How to Calculate What Day You Start Making Money

Step 1. First, start with the total expenses less variable (sales commission, policy, delivery, etc.) incurred by the store for the month. Then, subtract the gross generated by your fixed operations. Your remainder is your fixed net loss.
total expense - fixed ops gross = fixed net loss

Step 2. Next, calculate your average gross (front and back) for your new and used vehicle sales. Of course, there are expenses incurred each time you sell a vehicle. So, we need to subtract your variable expense average (sales commission, policy, and delivery) from this number. This provides us with your average gross per copy minus variable expenses.
avg gross per copy - variable ops expenses avg

Step 3. Finally, divide your fixed net loss by your average gross per copy minus variable expenses. You now know how many units it took to cover all store expenses. The day of the month that you reached that unit volume in sales, is the day of the month that you started making money.
fixed net loss by your average gross per copy minus variable expenses.

How To Use This Metric

After figuring out exactly how many units, and average days, it took to start making money for his store, my dealer friend then challenged his team.
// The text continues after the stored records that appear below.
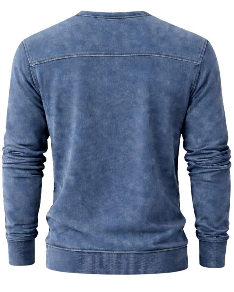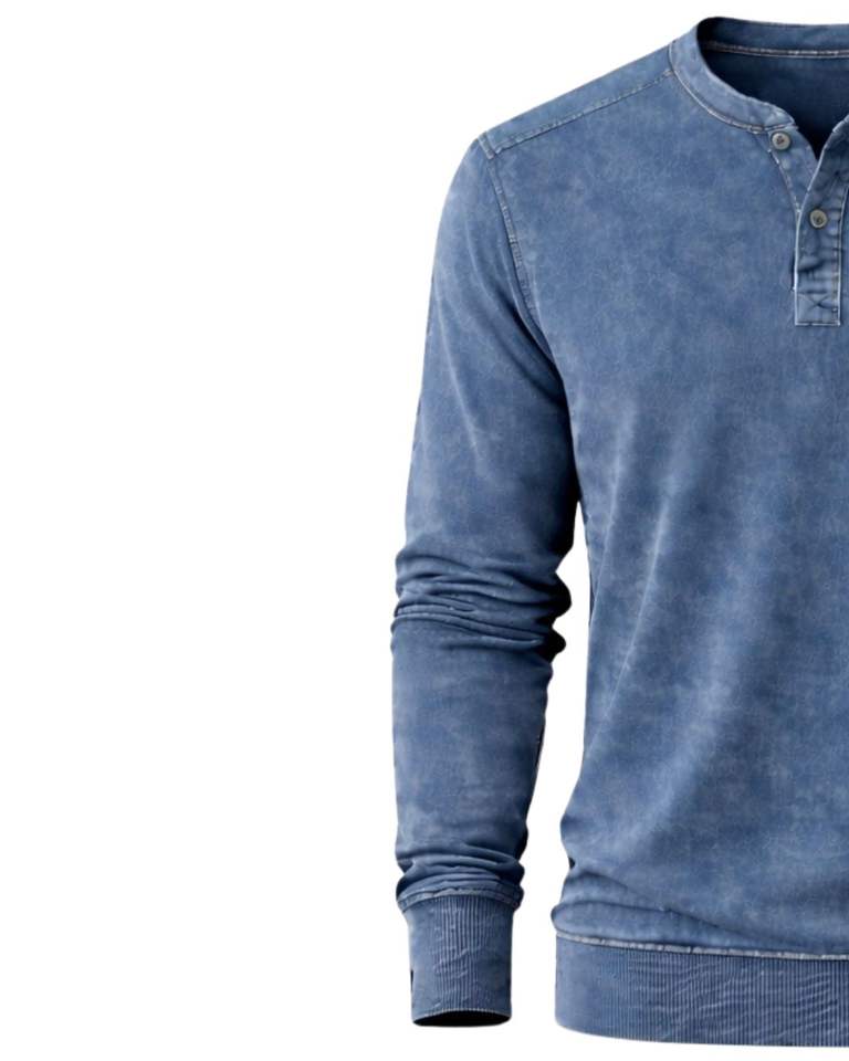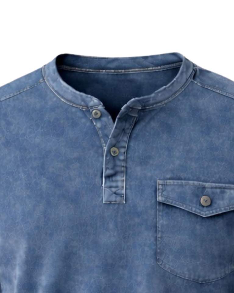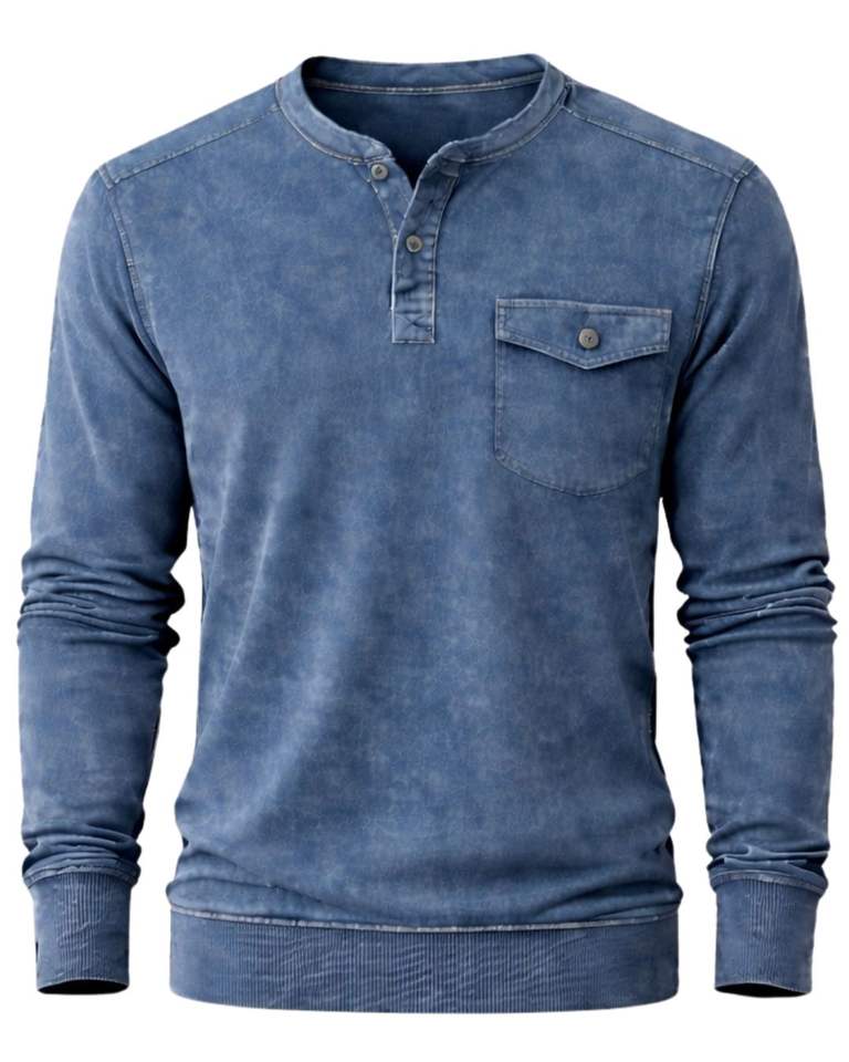 เสื้อสเวตเชิ้ตแขนยาวทรงเฮนลีย์ผ้าเดนิมสีน้ำเงินฟอกยีนส์สำหรับผู้ชาย สไตล์ลำลอง คอติดกระดุม มีกระเป๋า เหมาะสำหรับใส่ในฤดูหนาว ผ้าฝ้ายทรงเข้ารูป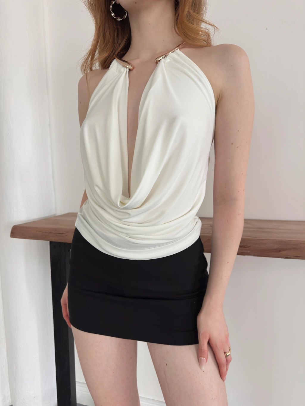 Aksesuar Detaylı Boyundan Bağlamalı Bluz Beyaz
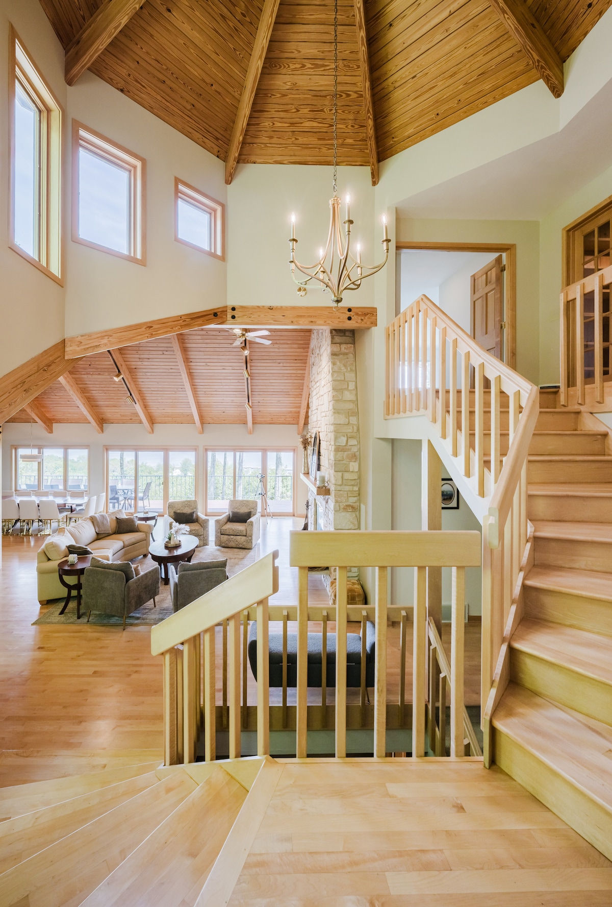 Rifugiati in un santuario A-frame completamente ristrutturato su 80 ettari boschivi privati con mezzo miglio di fronte al fiume Menominee. Travi rustiche a vista, ricchi toni del legno e aggiornamenti eleganti. Questa pensione si trova separatamente dalla casa principale della proprietà, che rimarrà libera se l'A-frame è prenotato o la stessa parte può prenotare entrambe le proprietà, garantendo completa privacy e tranquillità durante il soggiorno. Lascia che il dolce mormorio del fiume e la quiete della foresta ti cullino nella pace, un gioiello nascosto!

Their new goal was start making money earlier than the previous month. If the breakeven day was the 22nd the previous month, and they were able to accomplish the challenge by the 21st this month, periodically he would spiff them a “fast start” bonus for their efforts.

I get to speak with dealers all the time, and we are always looking for different ways to motivate and measure our people. I found this approach to be a unique measure, and one that worked very well for this dealership. Now, I would challenge you to find out what day of the month did you start making money last month?